I wanted to quickly share one of my favorite glute/hip strengthening drills that we use with our girls frequently. Proper glute work and using the hips during skills is huge for hip/lower back health, as well as optimal performance. I have it as part of our daily pre-warm up RAMP program, and often times put it into strength circuits to work on hip strength. There are a bunch of different versions out there, but I think falls between Bret Contreras and Gray Cook’s renditions. Here is a video, then I’ll explain more below.

Photo Dec 09, 4 01 37 PM

Just as a note the “double chin for the win” is my catch phrase to promote a good neck alignment, which you can see the girls were forgetting about. The gymnast places their shoulders just off a block, with one foot/leg down and the other hip flexed up being held by the arms. While maintaining good core control and proper alignment, the gymnast presses through the heel  on the floor and extends their hip fully. This drill is helpful to promote good alignment and stability in the spine, while then imposing good hip motion/strength. I feel elevating the shoudlers helps the gymnast work into their entire range of motion, which is often much farther than other athletes. The opposite knee/hip being hugged helps prevent the gymnast from extending their lower back to cheat. Many gymnasts have a dysfunctional movement pattern of using their lower back as a “go to” for extending all over the place, which I feel is one of the big issues related to back/hip problems.

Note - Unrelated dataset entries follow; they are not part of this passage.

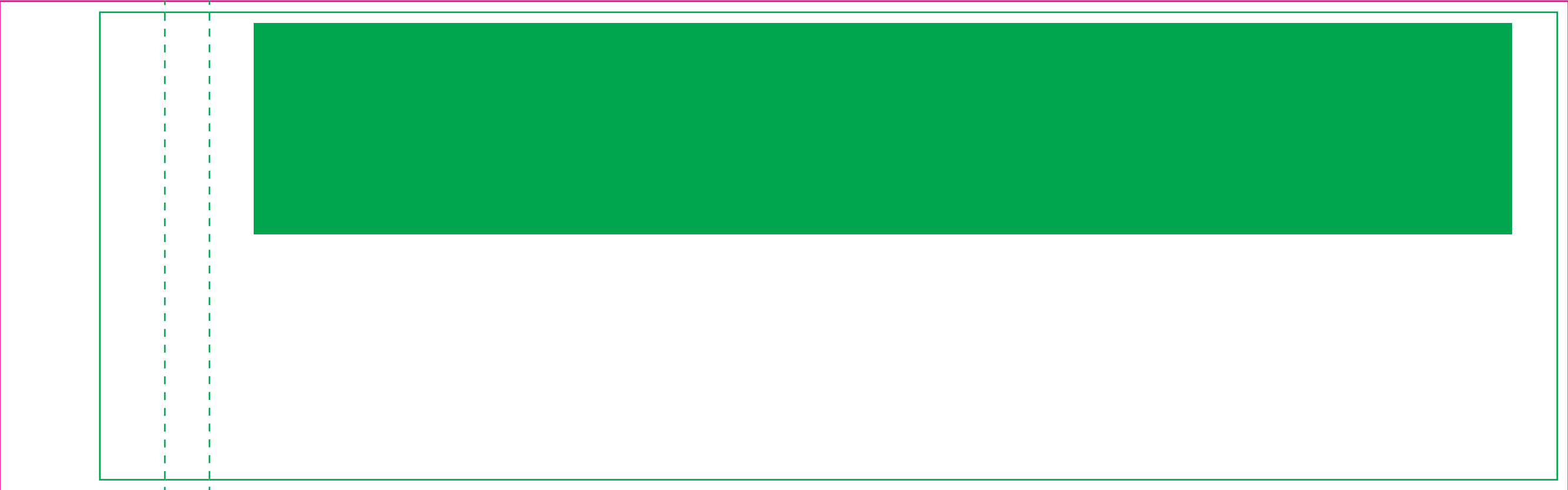
Original Stanze - 1:2: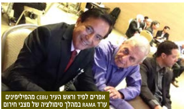
אפרים לפיד וראש העיר CEBU מהפיליפינים עו"ד RAMA במהלך סימולציה של מצבי חירום

המרכז למורשת המודיעין (מ"מ) | אתר ההנצחה | ת"ד 3555 רמת השרון 47143 | טל: 03-5497019, פקס: 03-5497731 | דוא"ל: mlm@intelligence.org.il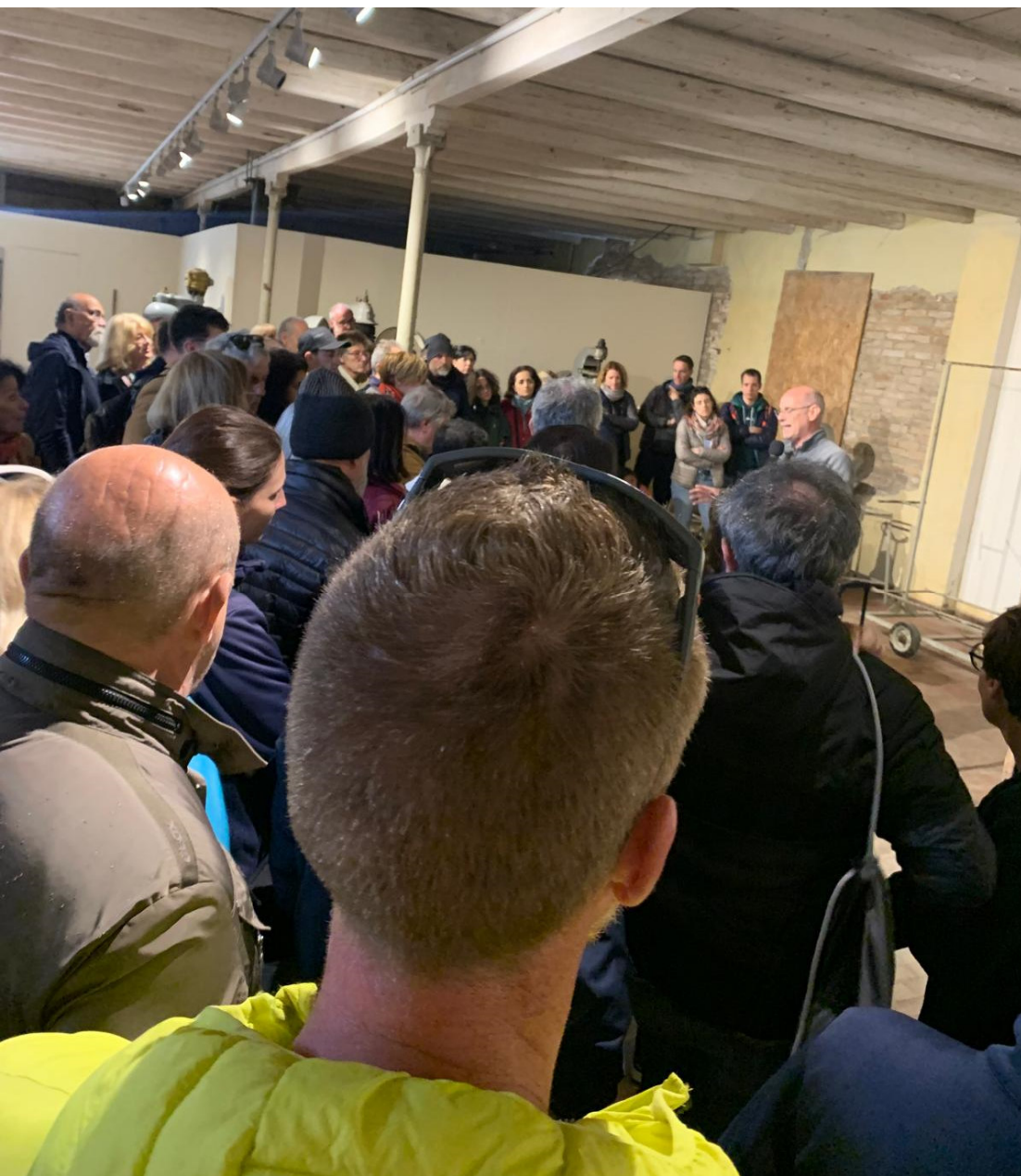
Passeggiata itinerante nell'eco-museo in allestimento della Manifattura dei Marinati di Comacchio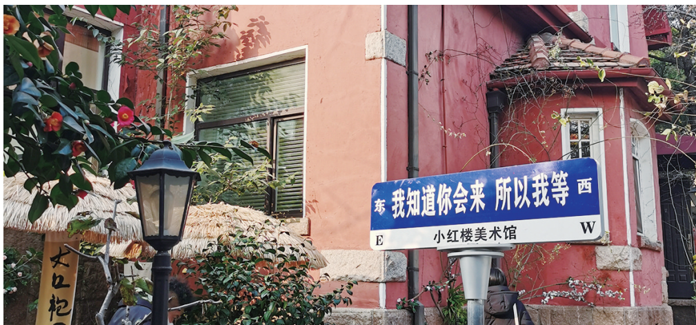
小红楼美术馆的路标。

青岛奥林匹克雕塑文化园位于城阳区绿色中轴线的南端,为国家4A级旅游景区,总占地面积645亩,于2003年6月建成并免费开放。公园以“三山一水一湖三岛一滩”为整体布局,依托不同地貌,将园区规划为16个风格不同的生态景观园,并将体育文化、健身设施融入景观设计,形成独特的园林风格。从东门进入看到的是2008年北京奥运会获得金牌的中国运动员的雕像群,从北门进入看到的是世界奥林匹克文化大道,这里是广大市民尤其是青少年进行社会实践活动和奥林匹克精神教育的重要场所。(观海新闻/青报全媒体记者 张羽)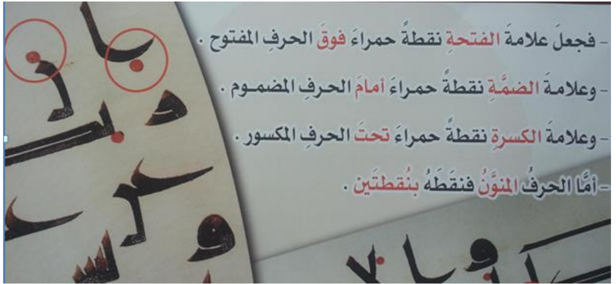
مراحل تطور الكتابة وضبط المصحف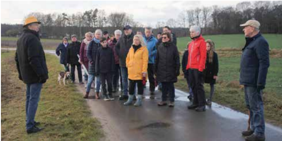
Die Wanderung des Bürgervereins war angereichert mit geschichtlichen Informationen

[ Katrin Glormes ] Als erster offizieller Termin 2023 fand am 8. Januar 2023 die jährliche Neujahrswanderung des Bürgervereins Rullstorf statt.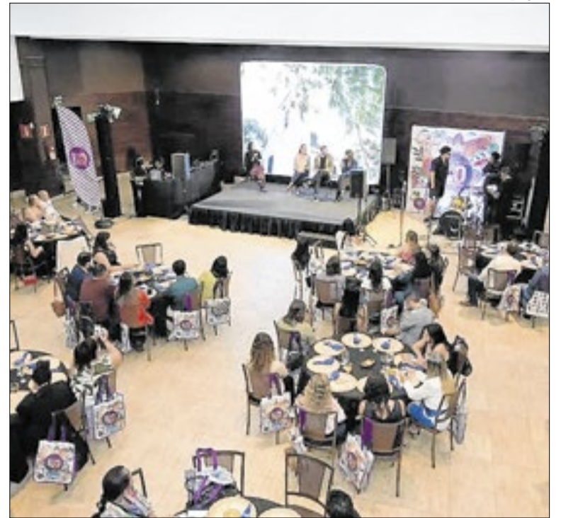
Evento reúne profissionais e empresas do setor turístico

A Prefeitura de Resende iniciou a revitalização da praça do bairro Barbosa Lima. As equipes já atuam na concretagem da academia da terceira idade e em trechos do meio-fio, com etapa seguinte de execução das calçadas. O projeto prevê nova iluminação, acessibilidade, parquinho e espaço de lazer para moradores da região.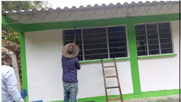
SEDE LA URAMA DESPUES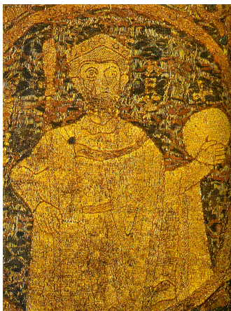
Szent István király a koronázó paláston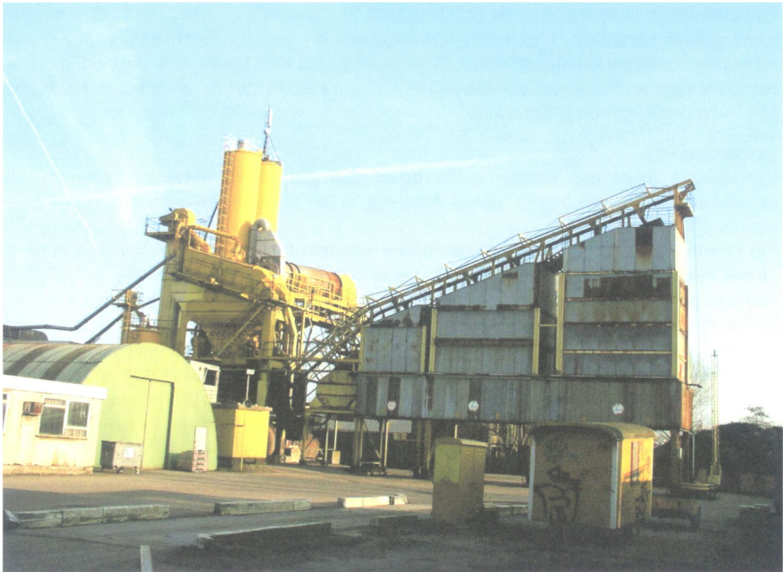
De bedrijven op Dwarstocht zoals de asfaltcentrale Asko passen niet bij een woonomgeving.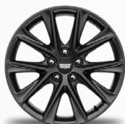
חישוקי 19" בגימור גרפיט מושחר - 57M SPORT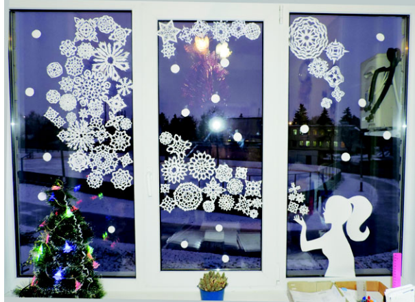
Отдел социальной защиты населения, как всегда на высоте. Посмотрите на это окно, это же произведение искусства.

Terminal hip extension through the large range of motion needed for gymnastics is crucial to not only help prevent lower back/hip issues, but also increase performance for skills that require the hips moving in the air (leaps, releases, rings, etc) but also when the hips are assisting in jumping/landing (tumbling dismounts) .Bret Contreras has some great work explaining how a combination of squatting and hip lifts can work the glutes and hips through their full range of motion. This drill is only one of many out there, and like everything is only effective if built into proper movement patterns as a whole. I wrote an article going over some other hip drilsl I use that you can find here

6 Glute Training Exercises Gymnasts Need To Do Regularly 

Reach, Roll, Lift Drill for Glute Strength and Core Control 

I find these a great follow up after working on any mobility/tone issues the gymnast may have on the front of their hip like hip flexors/quads. Give it a try, hope everyone likes it.